> **Aim of the exercise**
Each and every line below goes into your answer unchanged, but leave out the images.

[Stored dataset items]
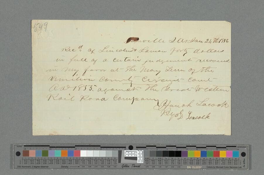 Hanah Lacock, Danville, Illinois, receipt to Lincoln & Lamon
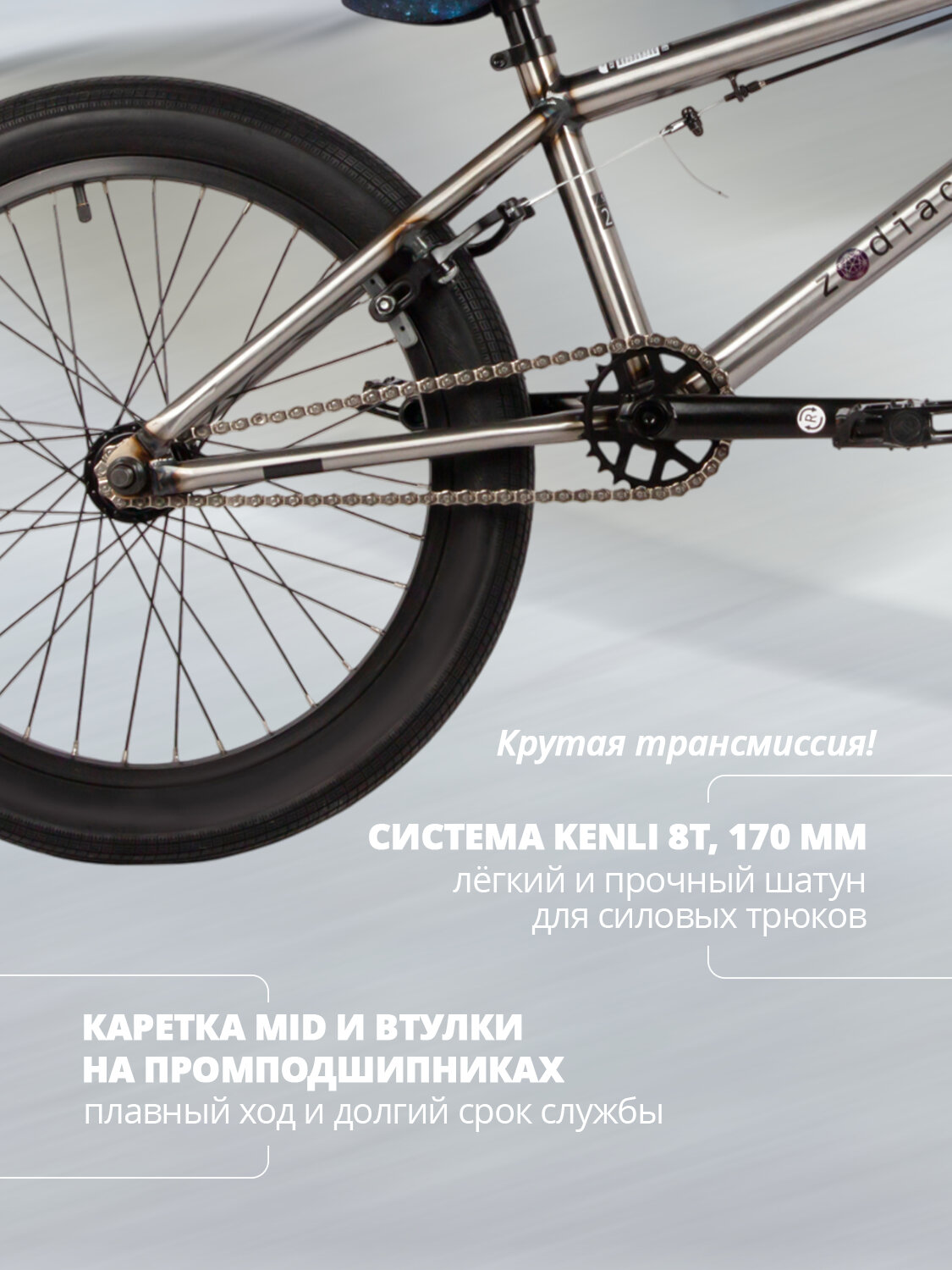 Велосипед NOVATRACK 20" BMX ZODIAC серебристый, сталь , рама 20", U-BRAKE интересное:
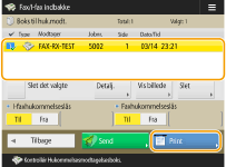 Printning af dokumenter i hukommelsesboksen til modtagelse
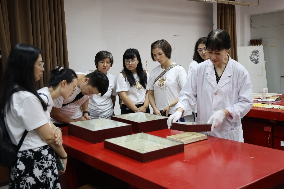 此外,学员们还走进了档案保护实验室、修复实验室。在档案修复实验室,高级实验师闫政老师以字画装裱为例介绍了实验课程中所需的修复工具和流程。在档案保护实验室,闫老师介绍了档案文献用纸质量检测实验和部分科研检测的方法。
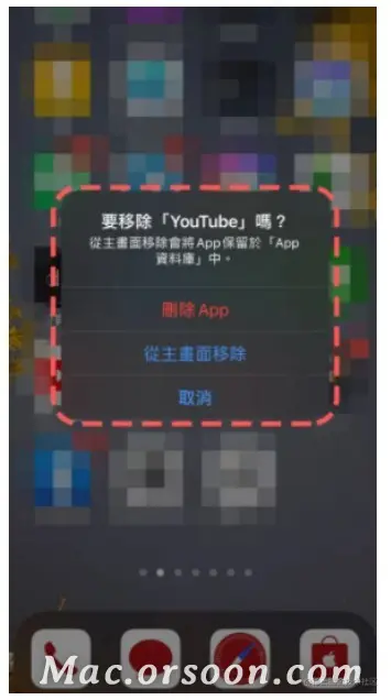 这样当你在主画面中要删除App 时,便会跳出一个提醒的讯息,询问你是否要「移除App」,这边的「移除」只是将App 从主画面中移除,而移除的App 依然是存在手机里面的,只是在主画面看不到,但是可以从App 资料库中存取。
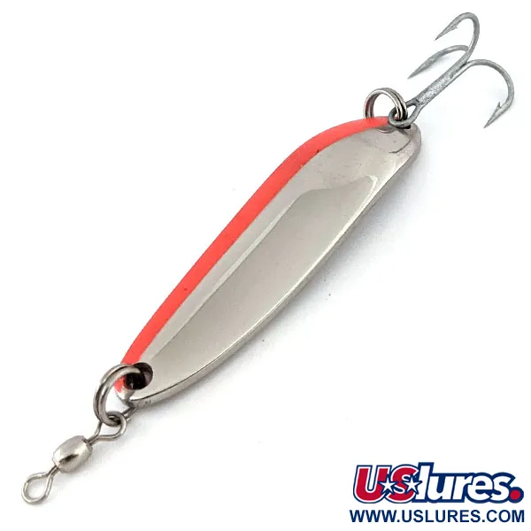 Яскрава флуоресцентна червона смужка проходить уздовж зовнішнього краю цього полірованого нікелевого тіла, створюючи чіткий візуальний контраст із дзеркальною металевою поверхнею. На увігнутому боці чітко вибито класичне маркування «KROCODILE DIE #3», що вказує на виріб Luhr Jensen періоду їхньої діяльності в Гуд-Рівер, штат Орегон. При вазі 1/3 унції (10 г) та довжині 2 1/4 дюйма (5,5 см) цей екземпляр з артикулом 13340 має значну товщину металу, що допомагає приманці швидше заглиблюватися. Оснащення включає потужний трійник і якісний вертлюжок у носовій частині, щоб мінімізувати перекручування жилки під час закидання або тролінгу. Вузька, звужена форма є візитною карткою серії Die #3: вона дозволяє краще прорізати повітря для дальності закиду та стабільно триматися в товщі води навіть на течії. З огляду на дзеркальний блиск покриття та цілісність усіх елементів, приманка зберігає відмінний стан 5/5. Рибалки часто покладаються на цю вагу при лові лосося чи форелі на Великих озерах або в подібних прибережних акваторіях, де потрібен компактний профіль з великою питомою вагою.
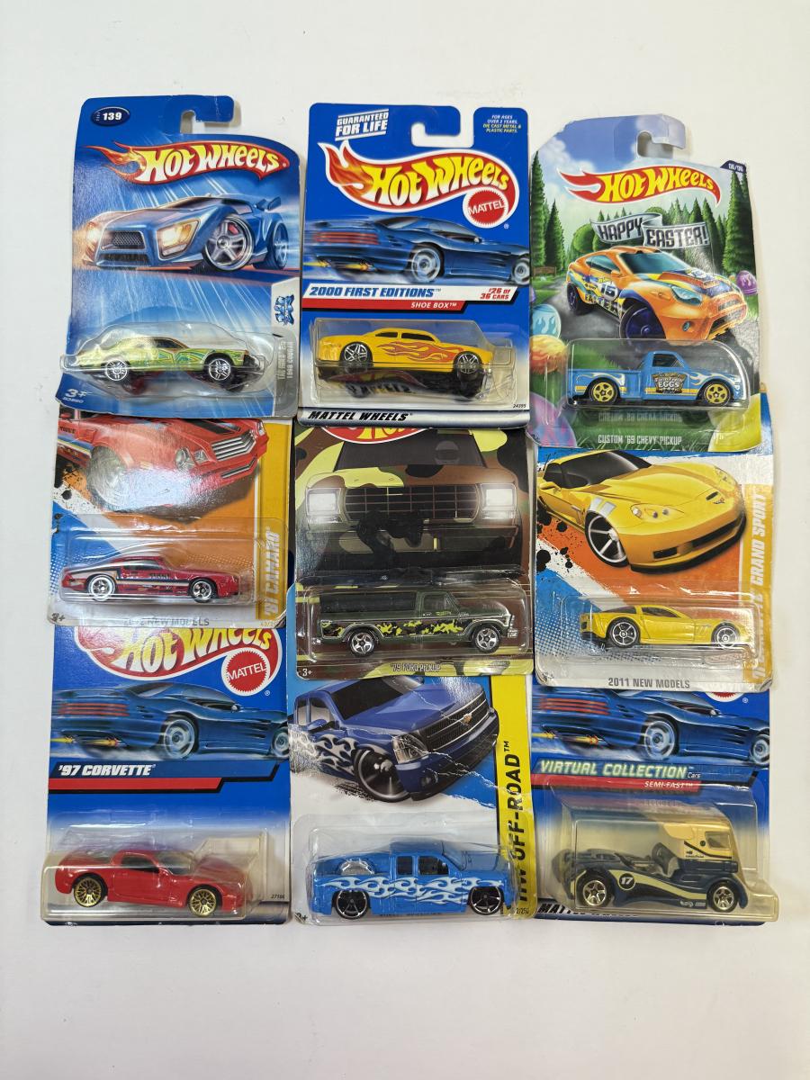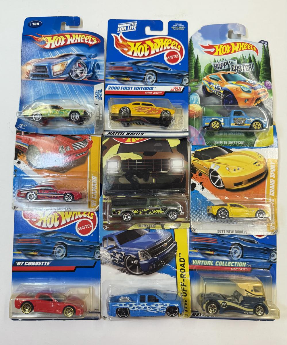 LOT 45: Mattel Hot Wheels Cars in Packaging: Happy Easter Egg Truck, 2000 First Editions, Virtual Collection & More
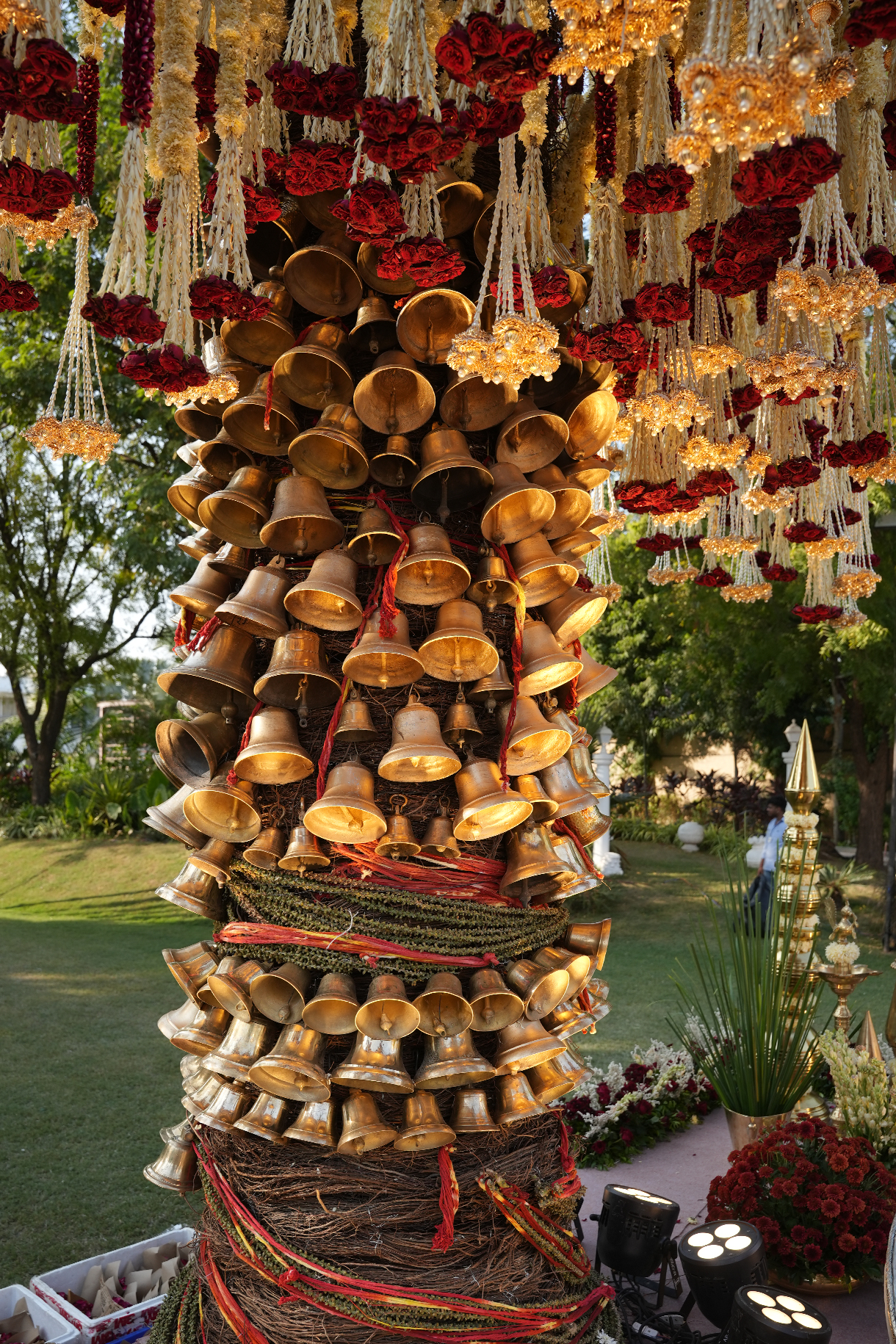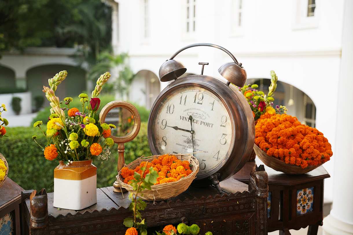 The prelude to the grand celebrations unfolded at Himalaya Mansion, where an ethereal Mandap Muhurat ceremony set the tone. Guests were welcomed into a space that exuded elegance, with a wooden console table adorned with vintage floral elements as the perfect photo-op.
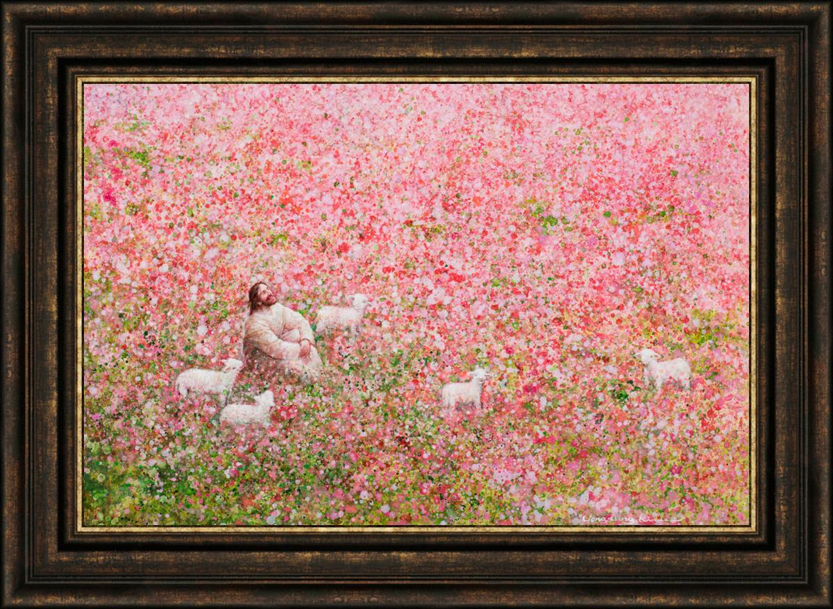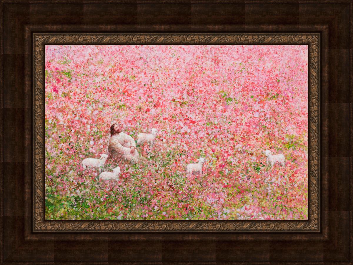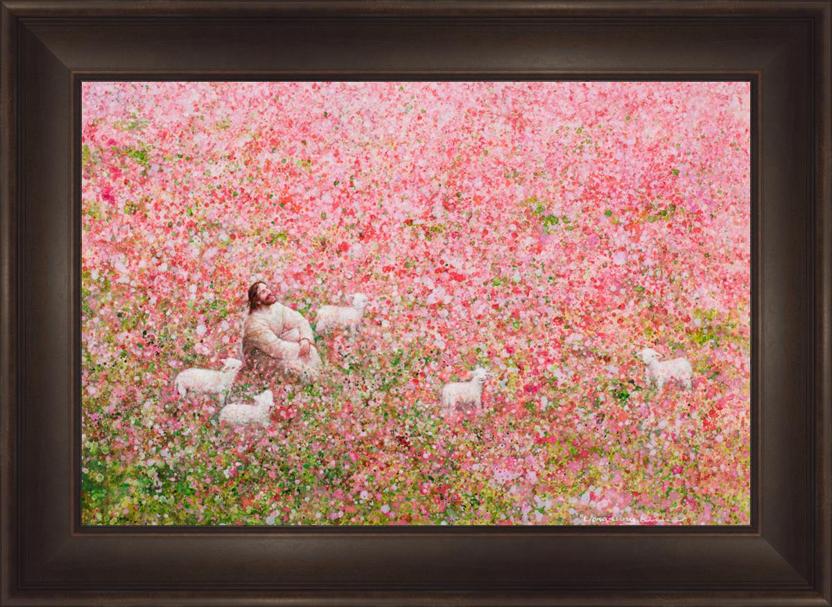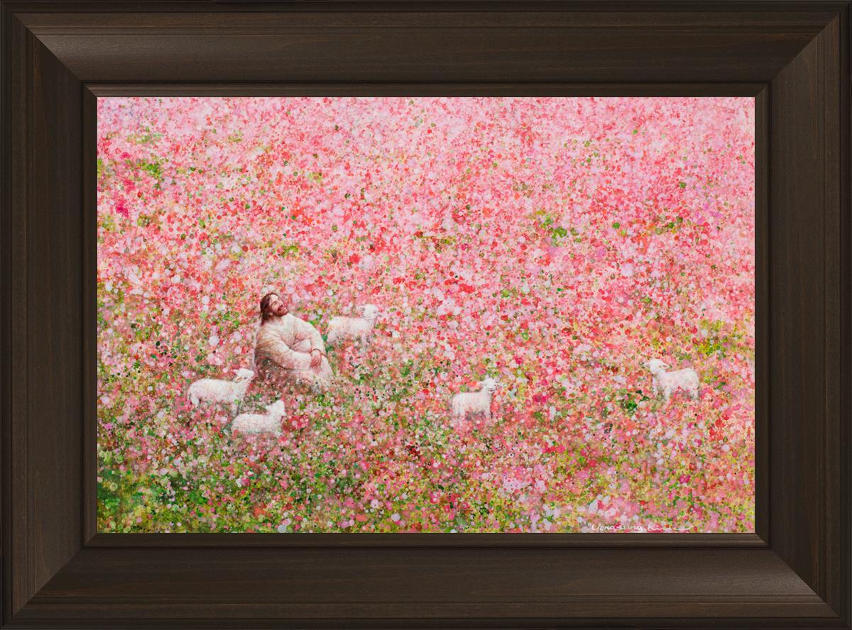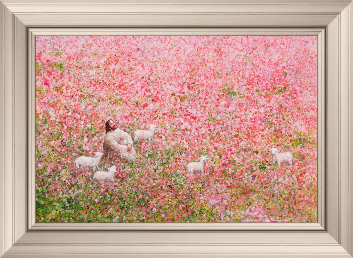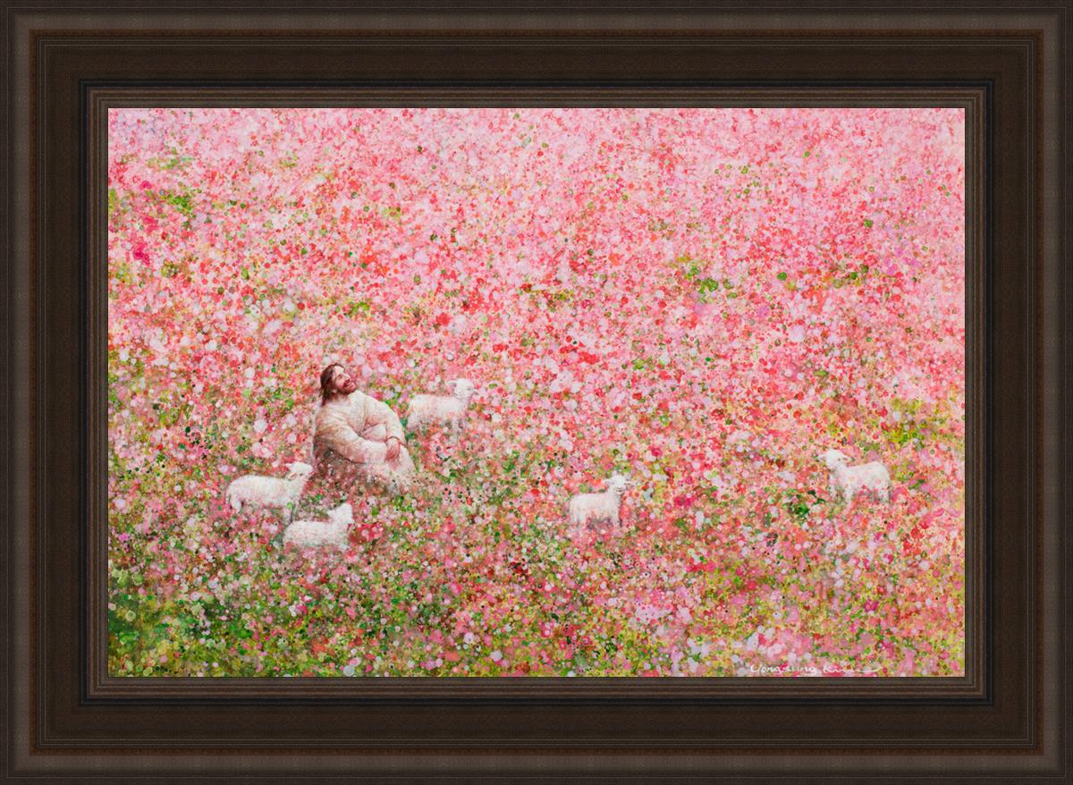 Shepherd's Rest by Yongsung Kim shows Jesus sitting down with His face lifted towards heaven in a field of pink flowers surrounded by lambs. This painting is available in print and canvas.

> **Result below**
 Hanah Lacock, Danville, Illinois, receipt to Lincoln & Lamon
 Велосипед NOVATRACK 20" BMX ZODIAC серебристый, сталь , рама 20", U-BRAKE интересное:
 Printning af dokumenter i hukommelsesboksen til modtagelse
 此外,学员们还走进了档案保护实验室、修复实验室。在档案修复实验室,高级实验师闫政老师以字画装裱为例介绍了实验课程中所需的修复工具和流程。在档案保护实验室,闫老师介绍了档案文献用纸质量检测实验和部分科研检测的方法。
 这样当你在主画面中要删除App 时,便会跳出一个提醒的讯息,询问你是否要「移除App」,这边的「移除」只是将App 从主画面中移除,而移除的App 依然是存在手机里面的,只是在主画面看不到,但是可以从App 资料库中存取。
 Яскрава флуоресцентна червона смужка проходить уздовж зовнішнього краю цього полірованого нікелевого тіла, створюючи чіткий візуальний контраст із дзеркальною металевою поверхнею. На увігнутому боці чітко вибито класичне маркування «KROCODILE DIE #3», що вказує на виріб Luhr Jensen періоду їхньої діяльності в Гуд-Рівер, штат Орегон. При вазі 1/3 унції (10 г) та довжині 2 1/4 дюйма (5,5 см) цей екземпляр з артикулом 13340 має значну товщину металу, що допомагає приманці швидше заглиблюватися. Оснащення включає потужний трійник і якісний вертлюжок у носовій частині, щоб мінімізувати перекручування жилки під час закидання або тролінгу. Вузька, звужена форма є візитною карткою серії Die #3: вона дозволяє краще прорізати повітря для дальності закиду та стабільно триматися в товщі води навіть на течії. З огляду на дзеркальний блиск покриття та цілісність усіх елементів, приманка зберігає відмінний стан 5/5. Рибалки часто покладаються на цю вагу при лові лосося чи форелі на Великих озерах або в подібних прибережних акваторіях, де потрібен компактний профіль з великою питомою вагою.
 LOT 45: Mattel Hot Wheels Cars in Packaging: Happy Easter Egg Truck, 2000 First Editions, Virtual Collection & More
 The prelude to the grand celebrations unfolded at Himalaya Mansion, where an ethereal Mandap Muhurat ceremony set the tone. Guests were welcomed into a space that exuded elegance, with a wooden console table adorned with vintage floral elements as the perfect photo-op.
 Shepherd's Rest by Yongsung Kim shows Jesus sitting down with His face lifted towards heaven in a field of pink flowers surrounded by lambs. This painting is available in print and canvas.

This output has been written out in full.